Stored records

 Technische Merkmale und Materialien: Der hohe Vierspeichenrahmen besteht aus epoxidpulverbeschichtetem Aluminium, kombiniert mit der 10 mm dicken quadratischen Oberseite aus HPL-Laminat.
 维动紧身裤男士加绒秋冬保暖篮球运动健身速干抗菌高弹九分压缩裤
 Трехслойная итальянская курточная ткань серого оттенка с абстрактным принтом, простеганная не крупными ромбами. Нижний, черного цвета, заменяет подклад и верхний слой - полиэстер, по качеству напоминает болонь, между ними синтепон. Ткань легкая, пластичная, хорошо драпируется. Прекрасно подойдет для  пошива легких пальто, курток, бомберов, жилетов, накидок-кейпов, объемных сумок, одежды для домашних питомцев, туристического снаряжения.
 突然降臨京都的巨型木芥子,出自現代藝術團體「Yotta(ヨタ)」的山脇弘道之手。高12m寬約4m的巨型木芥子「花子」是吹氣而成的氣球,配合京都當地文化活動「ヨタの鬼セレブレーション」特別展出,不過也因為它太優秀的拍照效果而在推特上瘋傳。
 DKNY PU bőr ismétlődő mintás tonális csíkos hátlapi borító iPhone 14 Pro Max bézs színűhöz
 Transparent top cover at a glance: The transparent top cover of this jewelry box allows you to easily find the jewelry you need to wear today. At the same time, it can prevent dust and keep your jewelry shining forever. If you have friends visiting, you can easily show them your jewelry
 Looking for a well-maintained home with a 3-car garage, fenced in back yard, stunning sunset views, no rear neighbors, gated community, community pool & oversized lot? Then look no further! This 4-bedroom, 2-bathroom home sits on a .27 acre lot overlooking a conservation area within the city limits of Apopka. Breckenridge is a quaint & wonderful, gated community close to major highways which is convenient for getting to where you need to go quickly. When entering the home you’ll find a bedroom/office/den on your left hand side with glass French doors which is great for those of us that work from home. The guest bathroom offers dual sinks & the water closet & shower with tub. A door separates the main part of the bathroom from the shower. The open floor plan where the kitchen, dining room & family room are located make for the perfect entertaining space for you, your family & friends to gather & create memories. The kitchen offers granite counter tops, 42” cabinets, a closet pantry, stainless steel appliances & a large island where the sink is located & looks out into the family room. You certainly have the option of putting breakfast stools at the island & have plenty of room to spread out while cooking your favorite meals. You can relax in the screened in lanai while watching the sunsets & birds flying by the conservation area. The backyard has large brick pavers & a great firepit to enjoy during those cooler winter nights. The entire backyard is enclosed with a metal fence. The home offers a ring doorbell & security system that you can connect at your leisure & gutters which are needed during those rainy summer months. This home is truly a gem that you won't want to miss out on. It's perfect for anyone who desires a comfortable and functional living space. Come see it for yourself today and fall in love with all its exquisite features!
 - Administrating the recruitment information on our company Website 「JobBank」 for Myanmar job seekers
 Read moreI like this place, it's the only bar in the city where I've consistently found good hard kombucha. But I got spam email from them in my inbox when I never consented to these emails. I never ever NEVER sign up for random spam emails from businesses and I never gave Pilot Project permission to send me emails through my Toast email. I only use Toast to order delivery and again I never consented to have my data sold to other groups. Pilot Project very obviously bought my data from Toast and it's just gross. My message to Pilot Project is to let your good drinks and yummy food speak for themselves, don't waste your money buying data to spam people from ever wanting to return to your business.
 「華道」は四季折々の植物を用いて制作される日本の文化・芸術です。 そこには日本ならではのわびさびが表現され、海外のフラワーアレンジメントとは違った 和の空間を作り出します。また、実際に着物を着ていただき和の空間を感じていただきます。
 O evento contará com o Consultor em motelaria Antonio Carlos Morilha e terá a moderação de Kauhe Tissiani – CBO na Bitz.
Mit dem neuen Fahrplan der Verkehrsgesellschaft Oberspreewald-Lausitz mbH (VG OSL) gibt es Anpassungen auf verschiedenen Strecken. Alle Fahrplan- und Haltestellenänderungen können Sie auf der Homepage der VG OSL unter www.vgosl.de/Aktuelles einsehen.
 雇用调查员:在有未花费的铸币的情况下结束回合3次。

Exercise requirements
From the entries above, copy every line that holds the word "find".

Task result
 Transparent top cover at a glance: The transparent top cover of this jewelry box allows you to easily find the jewelry you need to wear today. At the same time, it can prevent dust and keep your jewelry shining forever. If you have friends visiting, you can easily show them your jewelry
 Looking for a well-maintained home with a 3-car garage, fenced in back yard, stunning sunset views, no rear neighbors, gated community, community pool & oversized lot? Then look no further! This 4-bedroom, 2-bathroom home sits on a .27 acre lot overlooking a conservation area within the city limits of Apopka. Breckenridge is a quaint & wonderful, gated community close to major highways which is convenient for getting to where you need to go quickly. When entering the home you’ll find a bedroom/office/den on your left hand side with glass French doors which is great for those of us that work from home. The guest bathroom offers dual sinks & the water closet & shower with tub. A door separates the main part of the bathroom from the shower. The open floor plan where the kitchen, dining room & family room are located make for the perfect entertaining space for you, your family & friends to gather & create memories. The kitchen offers granite counter tops, 42” cabinets, a closet pantry, stainless steel appliances & a large island where the sink is located & looks out into the family room. You certainly have the option of putting breakfast stools at the island & have plenty of room to spread out while cooking your favorite meals. You can relax in the screened in lanai while watching the sunsets & birds flying by the conservation area. The backyard has large brick pavers & a great firepit to enjoy during those cooler winter nights. The entire backyard is enclosed with a metal fence. The home offers a ring doorbell & security system that you can connect at your leisure & gutters which are needed during those rainy summer months. This home is truly a gem that you won't want to miss out on. It's perfect for anyone who desires a comfortable and functional living space. Come see it for yourself today and fall in love with all its exquisite features!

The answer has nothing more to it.